6DoF pose estimation using RGB images involves different fields such as bin picking problems [34], robot manipulation [35], autonomous vehicles [36], and MR applications [37].

Usually, to accomplish this task, deep learning methods are used. One of the main approaches to 6DoF pose estimation, as described in [38], is to decouple the translation and the rotation estimation. The translation is estimated by localizing the centre of the object in the image and predicting its distance from the camera. After that, the rotation is estimated by regressing to a quaternion representation. A 6DoF Object detection system with two stages is also proposed in [39]. A single Shot Multibox Detector (SSD) [40] extracts the object bounding boxes and an Augmented AutoEncoder (AAE) estimates the object rotation. Similar to the previous approach, DCS-PoseNet [41] uses a two-step process to estimate 6DoF from 2D object bounding-boxes. First, the framework segments the object from the cropped image, followed by predicting 6DoF pose using DSC-PoseNet, which employs a differential renderer.
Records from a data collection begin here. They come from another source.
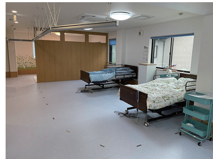
日中一時支援エリア（奥）・短期入所エリア（手前）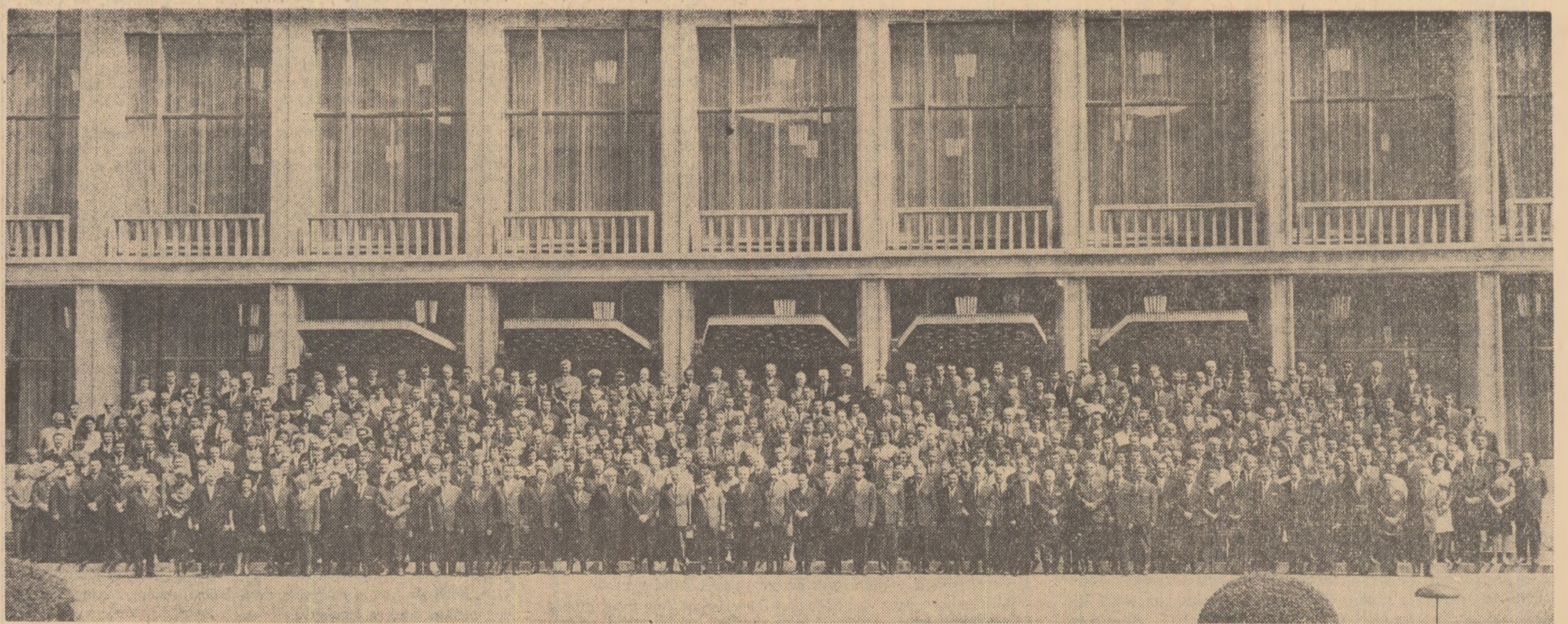
O fotografie istorică: deputații Marii Adunări Naționale care au votat noua Constituție a țării

Revenind la urașa Hord a Unirii din Piața „Gheorghe Gheorghiu-Dej”: ea a unit în ritm și bucurie inimile a mil de oameni, o hordă al cărei contur a desennat parca însăși harta României. O manifestație grandioasă a sentimentelor de bucurie ale poporului a cuprins întreaga țară. În toate parcurile, pe estade, în București, și în toată țara oamenii muncii, cetățenii Republicii Socialiste România au participat aseară la mari și strălucitoare serbări populare. Cîntecele și dansurile tradiționale ale poporului nostru au fost astăzi încununarea entuziasmului, grandioasă a zilei care va rămîne neștersă în istoria și în amintirea poporului român.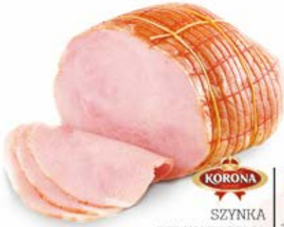
SZYNKI DELIKATESOWA 3,0 kg VAC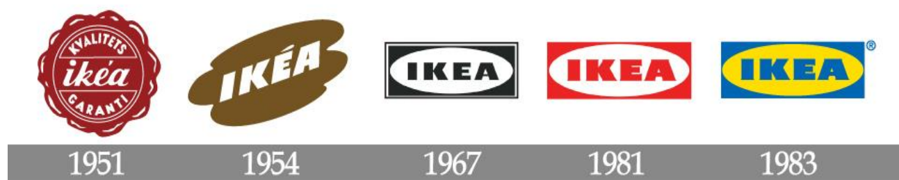
Slika 5. IKEA logotip tijekom povijesti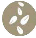
Granos De sésamo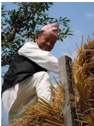
Kiritiman in klederdracht

NIEUW: Dynamiek in uw gesprek . € 8,50 en Dynamiek in uw preek . € 10,00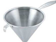
⑥UK 18-8 片手コランダ ー (モナカハンドル)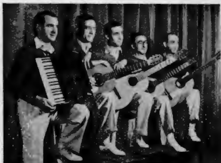
Los Ruiseñores del Norte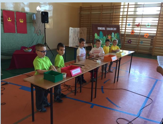
Na zdjęciach: Ekoliada w Szczerbicach.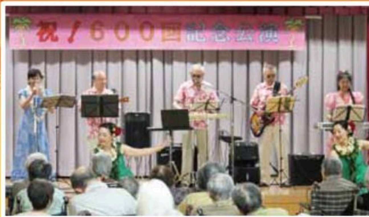
ファイブエコーズとマイレ本間星川教室の皆さん

福祉施設訪問演奏600回を達成され、愛泉寮で記念公演が開催されました。ハワイ音楽や懐メロをウクレレやスチールギターで奏でるメロディに、マイレ本間星川教室の皆さんのフラダンスが加わり南国気分を満喫する事ができ、惜しみない拍手が鳴り響いていました。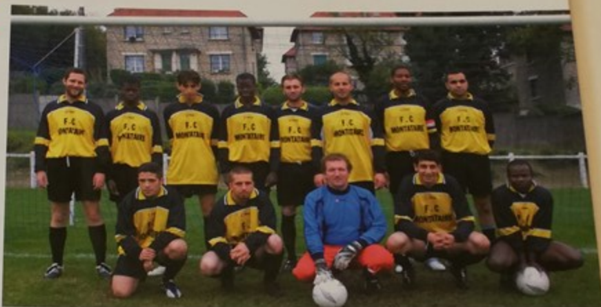
L'équipe Sénior au stade Kléber Sellier

Rétrogradés en cinquième division, ils ont du pain sur la planche. Mais leur entraîneur semble très motivé et confiant, prêt à remonter cette équipe au meilleur niveau. Il est cependant conscient qu'il faut rester extrêmement vigilant notamment lors des matchs où la pression des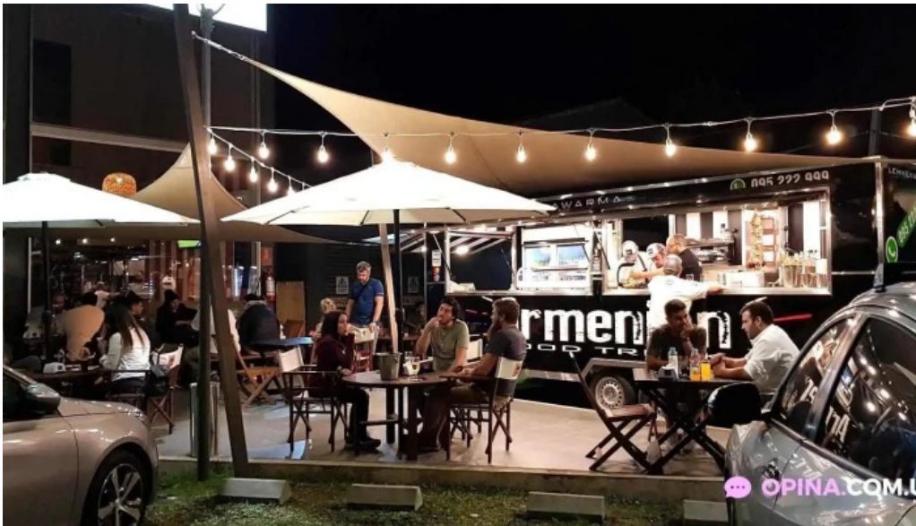
Armenian food truck del propietario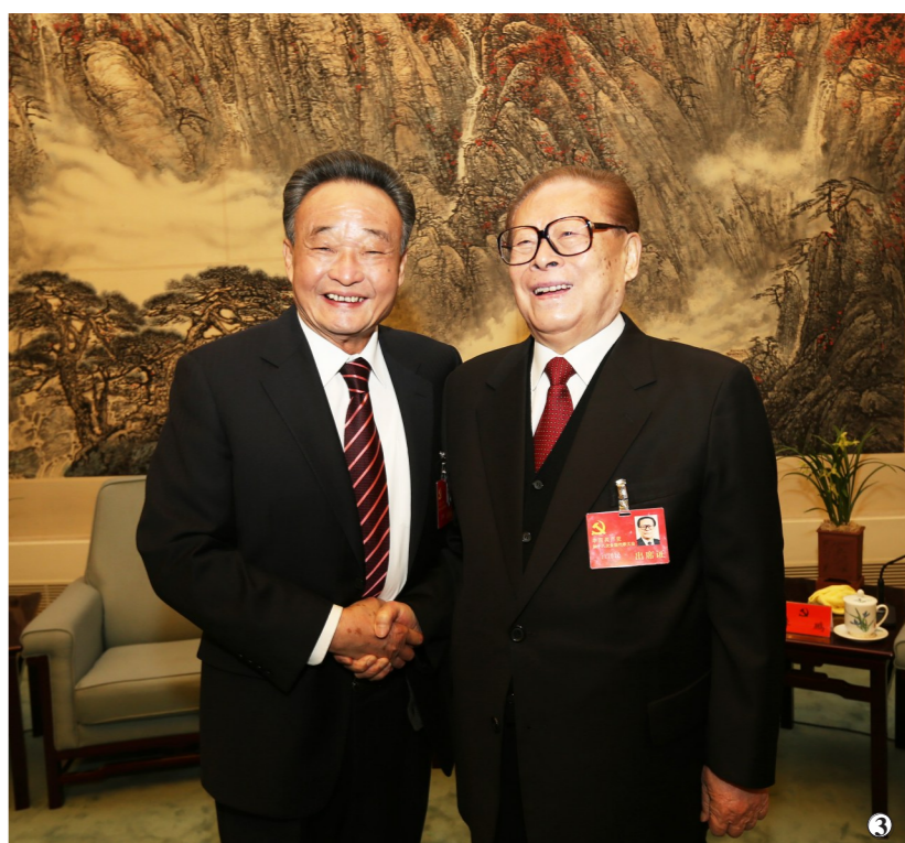
图3:2012年11月14日,中国共产党第十八次全国代表大会在北京闭幕。这是闭幕会前,江泽民同志与吴邦国同志在一起。

Some solutions try to regress rotation and translation simultaneously. For example, 6D-VNet [42] uses an end-to-end deep learning network to estimate the 6DoF pose of vehicles. The network extends the Mask R-CNN object detector and takes its intermediate outputs and further regresses for rotation and translation of the object in 3D space.

Other approaches instead try to solve a Perspective-n-Point problem [43]. For example, the pose estimation method Pix2Pose [44] proposes a deep learning network to supplement a 2D detection pipeline to enable pose estimation. It regresses pixel-wise 3D coordinates from images using texture-less 3D models. The pixel-wise prediction is used to form 2D–3D correspondences. Finally, the PnP algorithm can be applied.

In Ref. [45], the authors propose an extension of the EfficientDet architecture [46] used for 2D object detection to predict the rotation and the translation of the object in the 3D space.

Most current works describe the problem statement and solution for regular RGB images. The application of the algorithms of these works to equirectangular images is tricky. The main reason is that equirectangular images present severe distortion and there is a lack of training data related to these types of images. To the best of our knowledge, some works try to perform 2D object detection in equirectangular images [47,48], but none perform an estimate of the 6DoF pose.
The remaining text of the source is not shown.